Task to complete: Retype, word for word, the line holding "This bingo card" and every line below it to the end of the listing. Leave out the pictures.

The data:
----------------

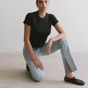 BOHME Ryan Bootcut Frayed Hem Split Hem Jeans in Light Wash Size 25
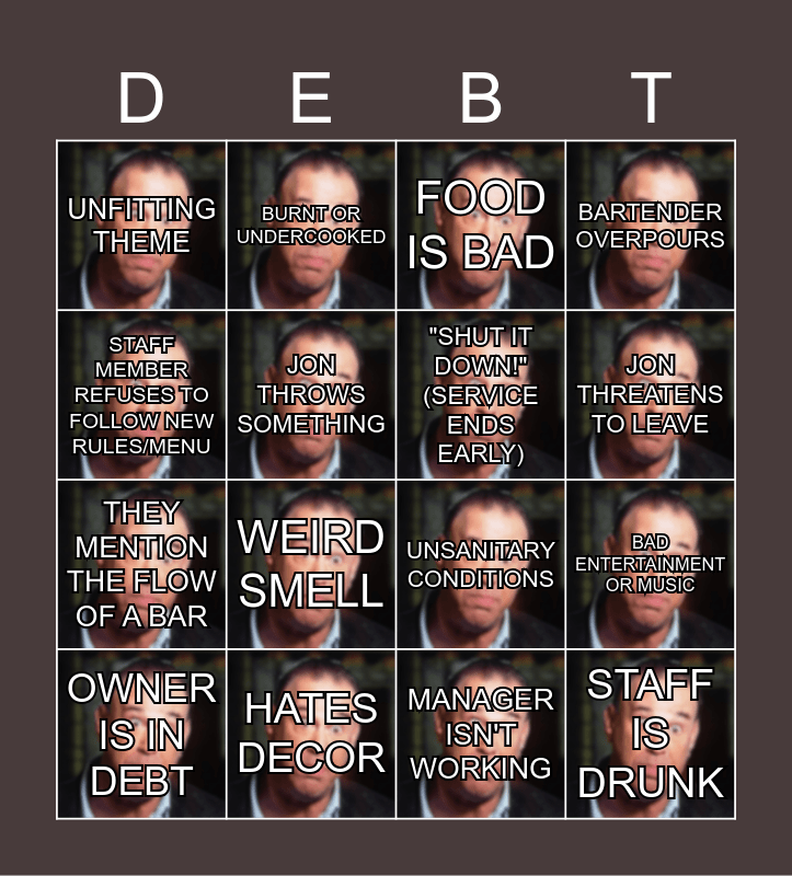 This bingo card has 16 images and 16 words: HATES DECOR, BAD ENTERTAINMENT OR MUSIC, FOOD IS BAD, UNFITTING THEME, THEY MENTION THE FLOW OF A BAR, BURNT OR UNDERCOOKED, UNSANITARY CONDITIONS, MANAGER ISN'T WORKING, STAFF MEMBER REFUSES TO FOLLOW NEW RULES/MENU, JON THROWS SOMETHING, OWNER IS IN DEBT, BARTENDER OVERPOURS, WEIRD SMELL, JON THREATENS TO LEAVE, "SHUT IT DOWN!" (SERVICE ENDS EARLY) and STAFF IS DRUNK.
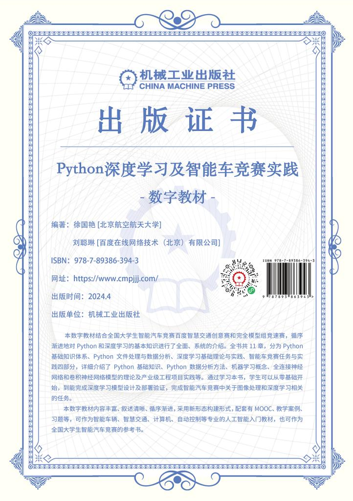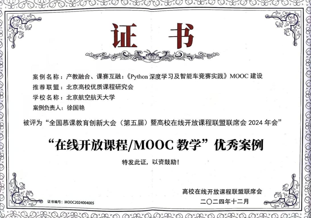 如今,该课程已吸引全国4000余名学员选课,并荣获"全国慕课教学创新大会在线开放课程优秀案例"。配套出版的新形态教材填补了国内智能车竞赛与AI融合领域的教材空白,形成"教材-课程-竞赛"三位一体的育人体系。
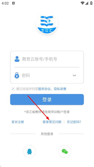 2、在登錄頁(yè)面,找到并點(diǎn)擊右下方的登錄常見問題選項(xiàng)。

----------------

Answer for the task:
 This bingo card has 16 images and 16 words: HATES DECOR, BAD ENTERTAINMENT OR MUSIC, FOOD IS BAD, UNFITTING THEME, THEY MENTION THE FLOW OF A BAR, BURNT OR UNDERCOOKED, UNSANITARY CONDITIONS, MANAGER ISN'T WORKING, STAFF MEMBER REFUSES TO FOLLOW NEW RULES/MENU, JON THROWS SOMETHING, OWNER IS IN DEBT, BARTENDER OVERPOURS, WEIRD SMELL, JON THREATENS TO LEAVE, "SHUT IT DOWN!" (SERVICE ENDS EARLY) and STAFF IS DRUNK.
 如今,该课程已吸引全国4000余名学员选课,并荣获"全国慕课教学创新大会在线开放课程优秀案例"。配套出版的新形态教材填补了国内智能车竞赛与AI融合领域的教材空白,形成"教材-课程-竞赛"三位一体的育人体系。
 2、在登錄頁(yè)面,找到并點(diǎn)擊右下方的登錄常見問題選項(xiàng)。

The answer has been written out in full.